INSTRUCTIONS FOR THE TASK: Your answer should repeat the entries in full, exactly as given, with no pictures.

-.-.-

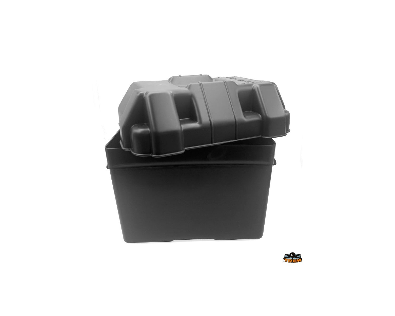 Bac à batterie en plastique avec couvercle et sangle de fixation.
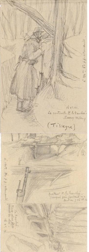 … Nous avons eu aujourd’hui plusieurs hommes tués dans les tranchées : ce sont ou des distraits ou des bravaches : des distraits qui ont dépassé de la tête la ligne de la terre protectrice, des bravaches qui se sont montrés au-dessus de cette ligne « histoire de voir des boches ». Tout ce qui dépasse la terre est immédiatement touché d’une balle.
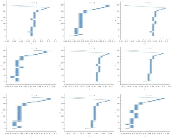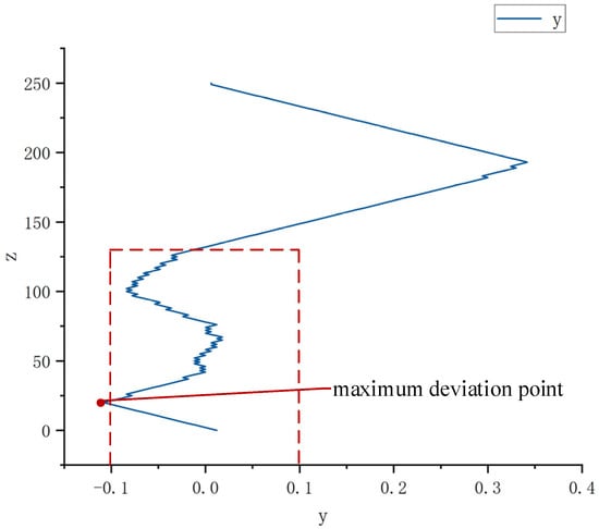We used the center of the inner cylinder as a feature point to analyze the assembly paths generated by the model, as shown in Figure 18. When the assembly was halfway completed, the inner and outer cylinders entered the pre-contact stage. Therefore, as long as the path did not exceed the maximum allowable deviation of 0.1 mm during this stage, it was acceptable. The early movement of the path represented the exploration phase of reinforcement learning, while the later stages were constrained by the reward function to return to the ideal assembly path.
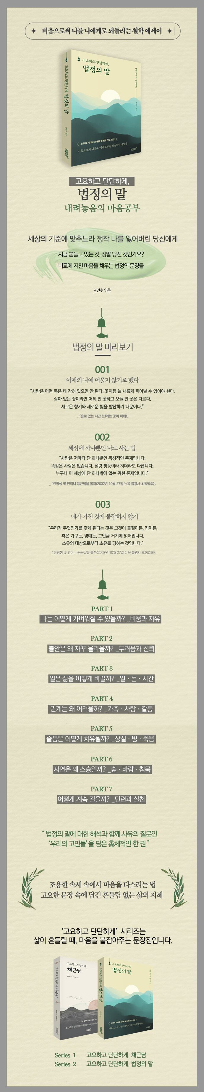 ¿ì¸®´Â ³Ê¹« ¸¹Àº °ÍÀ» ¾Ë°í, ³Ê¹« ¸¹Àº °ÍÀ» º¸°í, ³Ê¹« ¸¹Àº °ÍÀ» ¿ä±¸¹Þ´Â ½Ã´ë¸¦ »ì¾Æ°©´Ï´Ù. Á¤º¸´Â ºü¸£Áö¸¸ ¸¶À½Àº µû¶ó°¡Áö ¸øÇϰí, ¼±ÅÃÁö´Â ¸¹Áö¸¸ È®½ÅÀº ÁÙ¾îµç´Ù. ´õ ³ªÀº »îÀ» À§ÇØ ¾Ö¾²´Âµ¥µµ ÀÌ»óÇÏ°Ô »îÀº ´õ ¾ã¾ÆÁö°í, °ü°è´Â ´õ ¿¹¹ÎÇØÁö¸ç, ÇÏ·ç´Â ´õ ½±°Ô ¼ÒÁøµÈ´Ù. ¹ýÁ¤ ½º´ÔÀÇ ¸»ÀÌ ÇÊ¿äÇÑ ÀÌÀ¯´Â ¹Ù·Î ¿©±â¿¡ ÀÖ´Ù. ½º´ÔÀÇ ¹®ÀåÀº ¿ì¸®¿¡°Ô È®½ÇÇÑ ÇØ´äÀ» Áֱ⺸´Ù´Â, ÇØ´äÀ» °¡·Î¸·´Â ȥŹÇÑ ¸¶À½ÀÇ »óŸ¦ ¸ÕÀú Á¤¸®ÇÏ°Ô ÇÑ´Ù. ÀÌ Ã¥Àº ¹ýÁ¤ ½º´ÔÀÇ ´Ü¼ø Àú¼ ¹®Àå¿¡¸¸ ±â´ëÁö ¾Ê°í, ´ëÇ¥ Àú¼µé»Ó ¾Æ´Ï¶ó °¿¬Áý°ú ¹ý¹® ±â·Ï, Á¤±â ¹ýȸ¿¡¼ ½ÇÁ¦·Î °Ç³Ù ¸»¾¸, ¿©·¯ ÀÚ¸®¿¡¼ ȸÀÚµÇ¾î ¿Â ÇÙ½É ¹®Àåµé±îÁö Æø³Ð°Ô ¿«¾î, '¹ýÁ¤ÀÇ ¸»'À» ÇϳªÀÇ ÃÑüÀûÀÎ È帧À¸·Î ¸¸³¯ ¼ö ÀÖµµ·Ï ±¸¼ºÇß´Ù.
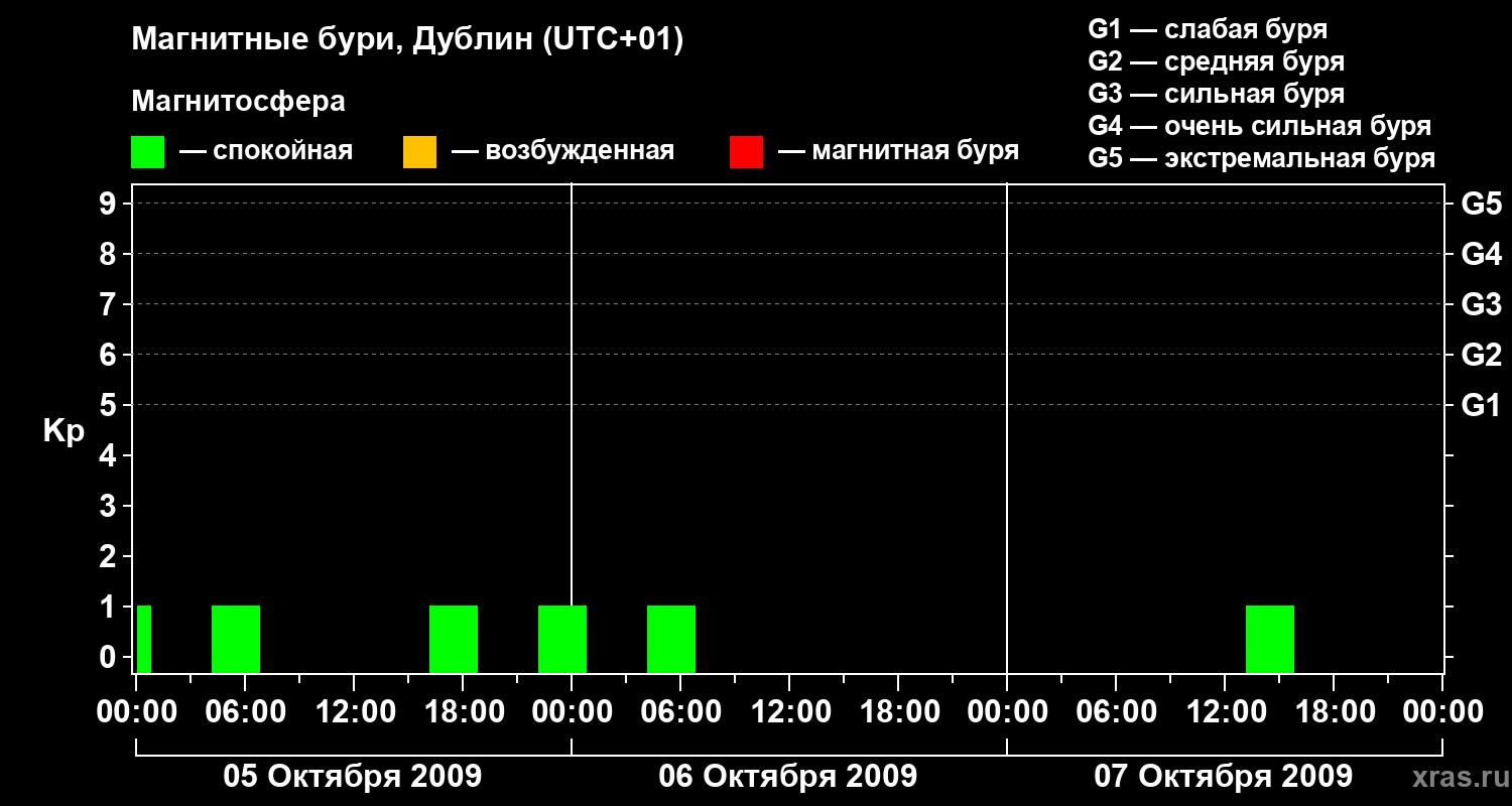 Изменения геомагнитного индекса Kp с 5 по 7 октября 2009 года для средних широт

-.-.-

ANSWER SPACE:
 Bac à batterie en plastique avec couvercle et sangle de fixation.
 … Nous avons eu aujourd’hui plusieurs hommes tués dans les tranchées : ce sont ou des distraits ou des bravaches : des distraits qui ont dépassé de la tête la ligne de la terre protectrice, des bravaches qui se sont montrés au-dessus de cette ligne « histoire de voir des boches ». Tout ce qui dépasse la terre est immédiatement touché d’une balle.
We used the center of the inner cylinder as a feature point to analyze the assembly paths generated by the model, as shown in Figure 18. When the assembly was halfway completed, the inner and outer cylinders entered the pre-contact stage. Therefore, as long as the path did not exceed the maximum allowable deviation of 0.1 mm during this stage, it was acceptable. The early movement of the path represented the exploration phase of reinforcement learning, while the later stages were constrained by the reward function to return to the ideal assembly path.
 ¿ì¸®´Â ³Ê¹« ¸¹Àº °ÍÀ» ¾Ë°í, ³Ê¹« ¸¹Àº °ÍÀ» º¸°í, ³Ê¹« ¸¹Àº °ÍÀ» ¿ä±¸¹Þ´Â ½Ã´ë¸¦ »ì¾Æ°©´Ï´Ù. Á¤º¸´Â ºü¸£Áö¸¸ ¸¶À½Àº µû¶ó°¡Áö ¸øÇϰí, ¼±ÅÃÁö´Â ¸¹Áö¸¸ È®½ÅÀº ÁÙ¾îµç´Ù. ´õ ³ªÀº »îÀ» À§ÇØ ¾Ö¾²´Âµ¥µµ ÀÌ»óÇÏ°Ô »îÀº ´õ ¾ã¾ÆÁö°í, °ü°è´Â ´õ ¿¹¹ÎÇØÁö¸ç, ÇÏ·ç´Â ´õ ½±°Ô ¼ÒÁøµÈ´Ù. ¹ýÁ¤ ½º´ÔÀÇ ¸»ÀÌ ÇÊ¿äÇÑ ÀÌÀ¯´Â ¹Ù·Î ¿©±â¿¡ ÀÖ´Ù. ½º´ÔÀÇ ¹®ÀåÀº ¿ì¸®¿¡°Ô È®½ÇÇÑ ÇØ´äÀ» Áֱ⺸´Ù´Â, ÇØ´äÀ» °¡·Î¸·´Â ȥŹÇÑ ¸¶À½ÀÇ »óŸ¦ ¸ÕÀú Á¤¸®ÇÏ°Ô ÇÑ´Ù. ÀÌ Ã¥Àº ¹ýÁ¤ ½º´ÔÀÇ ´Ü¼ø Àú¼ ¹®Àå¿¡¸¸ ±â´ëÁö ¾Ê°í, ´ëÇ¥ Àú¼µé»Ó ¾Æ´Ï¶ó °¿¬Áý°ú ¹ý¹® ±â·Ï, Á¤±â ¹ýȸ¿¡¼ ½ÇÁ¦·Î °Ç³Ù ¸»¾¸, ¿©·¯ ÀÚ¸®¿¡¼ ȸÀÚµÇ¾î ¿Â ÇÙ½É ¹®Àåµé±îÁö Æø³Ð°Ô ¿«¾î, '¹ýÁ¤ÀÇ ¸»'À» ÇϳªÀÇ ÃÑüÀûÀÎ È帧À¸·Î ¸¸³¯ ¼ö ÀÖµµ·Ï ±¸¼ºÇß´Ù.
 Изменения геомагнитного индекса Kp с 5 по 7 октября 2009 года для средних широт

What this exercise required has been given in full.